The consistent association between low-income status and worse scores on the psychological measures is not surprising as other studies have shown links with depression and low income [38]. However, to our knowledge, this study is the first to report associations with YMRS and GAF scores. While food insecurity is an independent determinant of health [39], cross-sectional surveys have also shown it is strongly linked with another health determinant, inadequate income [16, 4042]. Unfortunately, the cross-sectional nature of these investigations and our study cannot determine the temporality of the relationships among food insecurity, low income, and mental health. However, longitudinal studies have shown that associations between food insecurity and depression are bidirectional [30, 43].

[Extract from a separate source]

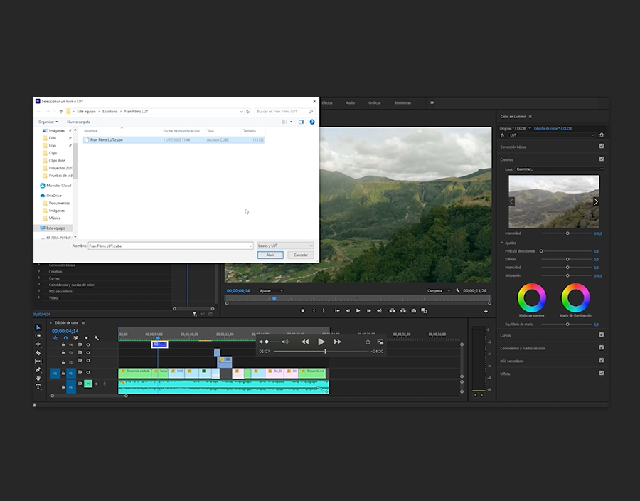 Como seguramente ya sabes, una LUT es una tabla de búsqueda de color predefinida que puedes usar para tus secuencias. @fran_films te ofrece su propia LUT para que te la descargues y la uses en tus vídeos de forma gratuita. Para añadir esta LUT o elegir otra, vuelve al panel Lumetri Color y, una vez en Creativo, haz clic en el menú desplegable Aspecto. Dirígete al Navegador para seleccionar la LUT de Fran de tus descargas o bien experimenta con el resto de opciones disponibles.

For several reasons, the results of this study should be interpreted with caution. Limitations include the modest sample size and that the food insecurity screening questions may not discriminate varying degrees of food access. However, previous studies indicate that short form measurement tools are appropriate to determine the subjective experiences of food insufficiency [44]. Measurement error between food insecurity and psychological functioning may be present as the two may be correlated (e.g., people in depressed mood states might report increased food insecurity regardless of their true status) and thereby yield a spuriously stronger positive association. However, the multivariate analysis did not show an association between food insecurity and Ham-D scores. Finally, most of the sample was taking psychiatric medications which may impact on food-related behaviours (e.g., increase appetite) [45] and therefore, increase food insecurity.

Conclusions

Food insecurity is an important determinant of health and significant public health and social issue [39, 40]. This study extends the current body of food insecurity knowledge by providing prevalence estimates and reported associations with poorer nutrient intakes and psychological functioning in a sample of adults with mood disorders. While program and policy developments that strengthen food security would reduce health and social inequities [41, 42], it may also be speculated that such interventions may enhance the nutritional and psychological well-being of those with mood disorders. Future investigations should focus on interventions aimed at improving food security to establish its role in enhancing mental health.